Jace met his eyes over Aline’s head and smiled. Somehow, even though he wasn’t a vampire, he was able to manage a smile that seemed to be all pointed teeth. Simon looked away, glancing around the room. He noticed that the music he’d heard earlier wasn’t coming from a stereo at all but from a complicated-looking mechanical contraption.
He thought about striking up a conversation with Isabelle, but she was chatting with Sebastian, whose elegant face was bent attentively to hers. Jace had laughed at Simon’s crush on Isabelle once, but Sebastian could doubtless handle her. Shadowhunters were brought up to handle anything, weren’t they? Although the look on Jace’s face when he’d said that he planned to be only Clary’s brother made Simon wonder.
“We’re out of wine,” Isabelle declared, setting the bottle down on the table with a thump. “I’m going to get some more.” With a wink at Sebastian, she disappeared into the kitchen.
“If you don’t mind my saying so, you seem a little quiet.” It was Sebastian, leaning over the back of Simon’s chair with a disarming smile. For someone with such dark hair, Simon thought, Sebastian’s skin was very fair, as if he didn’t go out in the sun much. “Everything all right?”
Simon shrugged. “There aren’t a lot of openings for me in the conversation. It seems to be either about Shadowhunter politics or people I’ve never heard of, or both.”
The smile disappeared. “We can be something of a closed circle, we Nephilim. It’s the way of those who are shut out from the rest of the world.”
“Don’t you think you shut yourselves out? You despise ordinary humans—”
“‘Despise’ is a little strong,” said Sebastian. “And do you really think the world of humans would want anything to do with us? All we are is a living reminder that whenever they comfort themselves that there are no real vampires, no real demons or monsters under the bed—they’re lying.” He turned his head to look at Jace, who, Simon realized, had been staring at them both in silence for several minutes. “Don’t you agree?”
Jace smiled. “De ce crezi cã vã ascultam conversatia?”

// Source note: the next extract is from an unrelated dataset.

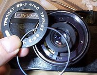 ![]() | ファインダーがちょっと汚れていましたので、クリーニングします。上にかぶせてある黒い遮光紙は、黒画用紙のような薄い物でした。 以上でレストア完了です。きれいなカメラになりました。このカメラは、チープなロシアカメラと考える人もいるかもしれません。でも、私にはそうは感じられません。カメラの原理を素直に、そしてシンプルな道具として工夫してある実用的で、魅力的なカメラという印象を持ちました。 なお、このカメラをご提供いただきましたhash様。また、カメラに関する情報をお寄せいただきましたRicky Nakamura様に、感謝申し上げます。 |

Sebastian met his glance with a look of pleasant interest. “M-ai urmãrit de când ai ajuns aici,” he replied. “Nu-mi dau seama dacã nu mã placi ori dacã ești atât de bãnuitor cu toatã lumea.” He got to his feet. “I appreciate the Romanian practice, but if you don’t mind, I’m going to see what’s taking Isabelle so long in the kitchen.” He disappeared through the doorway, leaving Jace staring after him with a puzzled expression.
“What’s wrong? Does he not speak Romanian after all?” Simon asked.
“No,” said Jace. A small frown line had appeared between his eyes. “No, he speaks it all right.”
Before Simon could ask him what he meant by that, Alec entered the room. He was frowning, just as he had been when he’d left. His gaze lingered momentarily on Simon, a look almost of confusion in his blue eyes.